Work to complete:
A faithful copy of each record is required, minus the images.

Data shown:
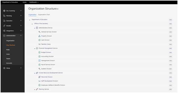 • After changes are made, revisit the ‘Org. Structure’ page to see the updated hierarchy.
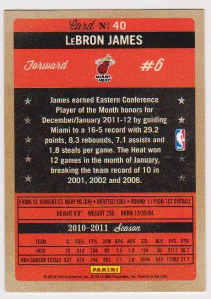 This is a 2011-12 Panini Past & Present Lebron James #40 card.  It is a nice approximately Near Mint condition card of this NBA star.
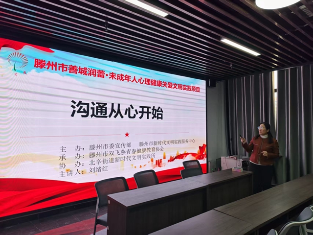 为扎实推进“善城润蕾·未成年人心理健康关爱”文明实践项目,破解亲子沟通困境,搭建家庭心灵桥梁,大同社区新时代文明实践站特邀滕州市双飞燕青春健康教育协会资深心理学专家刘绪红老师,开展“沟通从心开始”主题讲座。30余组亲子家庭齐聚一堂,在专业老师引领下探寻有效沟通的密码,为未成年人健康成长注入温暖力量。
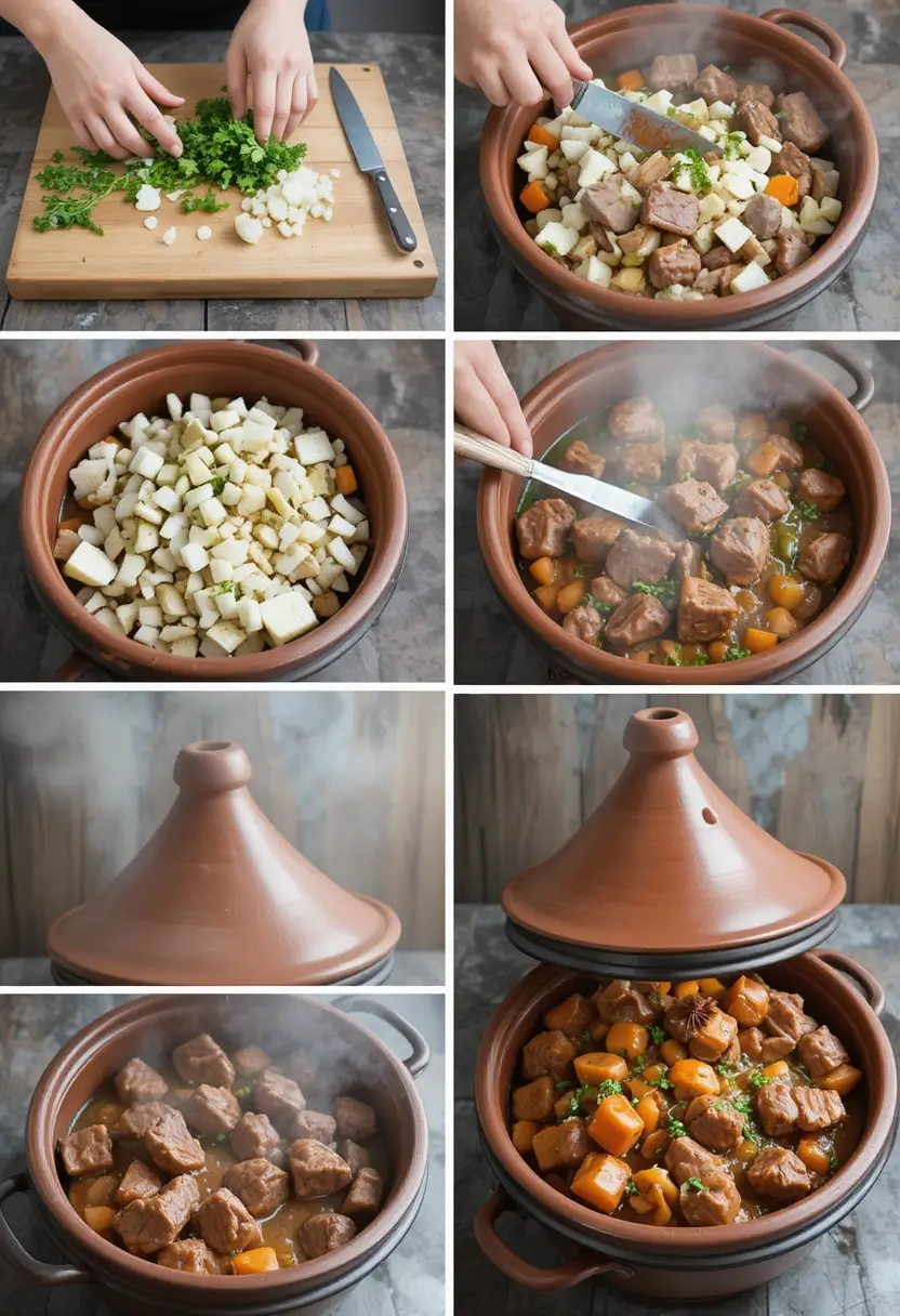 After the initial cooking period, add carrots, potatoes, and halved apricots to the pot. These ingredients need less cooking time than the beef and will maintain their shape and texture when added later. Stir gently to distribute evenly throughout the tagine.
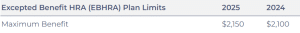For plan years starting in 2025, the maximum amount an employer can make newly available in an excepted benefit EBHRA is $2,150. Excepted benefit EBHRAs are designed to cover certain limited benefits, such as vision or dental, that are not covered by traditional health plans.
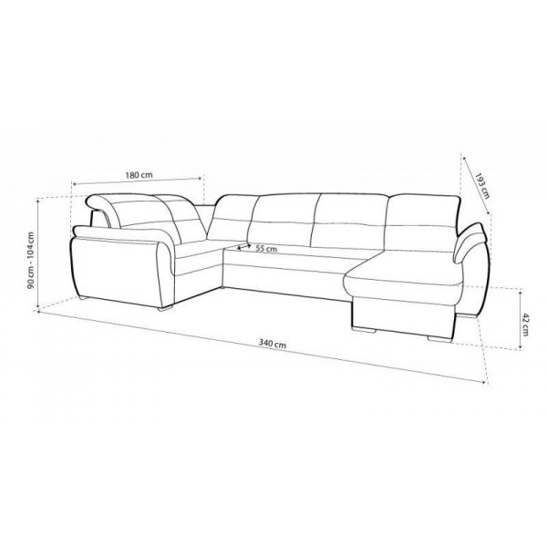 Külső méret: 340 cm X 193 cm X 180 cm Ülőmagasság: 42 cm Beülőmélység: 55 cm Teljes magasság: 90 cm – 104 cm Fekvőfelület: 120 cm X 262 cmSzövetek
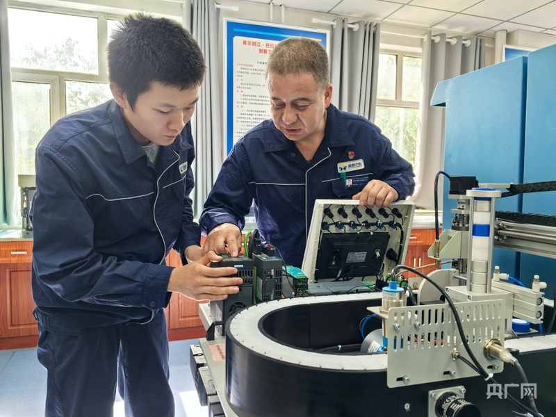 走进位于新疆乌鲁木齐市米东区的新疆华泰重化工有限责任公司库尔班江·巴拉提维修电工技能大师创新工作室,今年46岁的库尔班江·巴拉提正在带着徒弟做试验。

Written solution:
 • After changes are made, revisit the ‘Org. Structure’ page to see the updated hierarchy.
 This is a 2011-12 Panini Past & Present Lebron James #40 card.  It is a nice approximately Near Mint condition card of this NBA star.
 为扎实推进“善城润蕾·未成年人心理健康关爱”文明实践项目,破解亲子沟通困境,搭建家庭心灵桥梁,大同社区新时代文明实践站特邀滕州市双飞燕青春健康教育协会资深心理学专家刘绪红老师,开展“沟通从心开始”主题讲座。30余组亲子家庭齐聚一堂,在专业老师引领下探寻有效沟通的密码,为未成年人健康成长注入温暖力量。
 After the initial cooking period, add carrots, potatoes, and halved apricots to the pot. These ingredients need less cooking time than the beef and will maintain their shape and texture when added later. Stir gently to distribute evenly throughout the tagine.
For plan years starting in 2025, the maximum amount an employer can make newly available in an excepted benefit EBHRA is $2,150. Excepted benefit EBHRAs are designed to cover certain limited benefits, such as vision or dental, that are not covered by traditional health plans.
 Külső méret: 340 cm X 193 cm X 180 cm Ülőmagasság: 42 cm Beülőmélység: 55 cm Teljes magasság: 90 cm – 104 cm Fekvőfelület: 120 cm X 262 cmSzövetek
 走进位于新疆乌鲁木齐市米东区的新疆华泰重化工有限责任公司库尔班江·巴拉提维修电工技能大师创新工作室,今年46岁的库尔班江·巴拉提正在带着徒弟做试验。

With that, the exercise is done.